Thanks for the info. Im at 86k with same except blower.


----------



## obermd (Mar 3, 2012)

Post a picture of your odometer and I'll get you a 100,000 mile badge.


----------



## rescueswimmer (Mar 28, 2013)

obermd said:


> Post a picture of your odometer and I'll get you a 100,000 mile badge.












Also here is the Map sensor, Did not look as bad as some of the others I have seen but cleaned it none the less.


----------



## rescueswimmer (Mar 28, 2013)

dhpnet said:


> Was it worth buying the GM warranty? In other words, did you spend more on the warranty than you got in repairs, or would the repairs have cost more than the warranty? Just curious.
> 
> As far as brakes go, the Centric rotors are harder steel and have an electrocoating finish that looks great and should prevent some rust. No matter how great the OEM rotors were for you, these would probably be better, and the cost is similar. Check out Xtremerevolution's brake recommendations. There is some good info there.

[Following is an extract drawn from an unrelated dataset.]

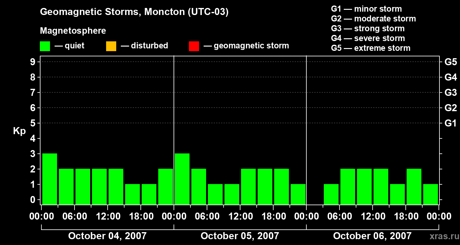 Geomagnetic storms in Moncton on Oct 06, 2007

I think we paid 560.00 for the GM extra guard through one of the online dealers. IIRC the reason for the cheaper price was it was 100K miles or 3 years, and I knew we would hit the 100K before the 3 year mark. The transmission seal job from GM billed out at 750.00, I had about 2500.00 worth of billable Parts and labor so it was worth it this time. I had purchased one for our Acura about 9 years ago, and it was like 1600.00 and I did not use it once in 5 years. So I look at it as insurance.


----------



## Tomko (Jun 1, 2013)

dhpnet said:


> Was it worth buying the GM warranty? In other words, did you spend more on the warranty than you got in repairs, or would the repairs have cost more than the warranty? Just curious.
> 
> As far as brakes go, the Centric rotors are harder steel and have an electrocoating finish that looks great and should prevent some rust. No matter how great the OEM rotors were for you, these would probably be better, and the cost is similar. Check out Xtremerevolution's brake recommendations. There is some good info there.

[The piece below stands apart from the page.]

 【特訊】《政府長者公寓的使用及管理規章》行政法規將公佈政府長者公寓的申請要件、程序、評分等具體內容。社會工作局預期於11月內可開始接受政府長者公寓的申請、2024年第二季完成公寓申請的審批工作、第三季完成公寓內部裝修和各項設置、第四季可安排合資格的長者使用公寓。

I'm not sure how well known it is, but the stock OEM rotors on the CTD are the same ones that the Cadillac ATS leaves the factory with on the 2.5 engine model.


----------



## mkohan (Dec 19, 2015)

Congrats on the 100K. Great to see more get there, I notice my MPG is dropping too. Was @ 44.6 for the longest time. Had the second recall for the NX sensor & reflash in June. MPG dropping since. But the car is running great with not CEL or other problems.


----------



## BDCCruze (Jul 12, 2017)

mkohan said:


> Congrats on the 100K. Great to see more get there, I notice my MPG is dropping too. Was @ 44.6 for the longest time. Had the second recall for the NX sensor & reflash in June. MPG dropping since. But the car is running great with not CEL or other problems.


I was actually recording my MPG for about 3 months prior to the Summer 2017 flash, so afterwords I kept going. I had 10 fills up prior to the flash and 16 after. Obviously 16 is a larger sample size, but I gained 1.3 MPG post-flash. If I reduce the post-flash down to the 10 immediately following to increase margin of error, my gain drops to .9 MPG increase. That's still a 2% uplift. My driving is about 85% highway 15% city. Approximately 600 miles per week.

Bottom line is I think truthfully the .9 MPG increase is margin of error and that the trim flash likely netted no change in MPG.


----------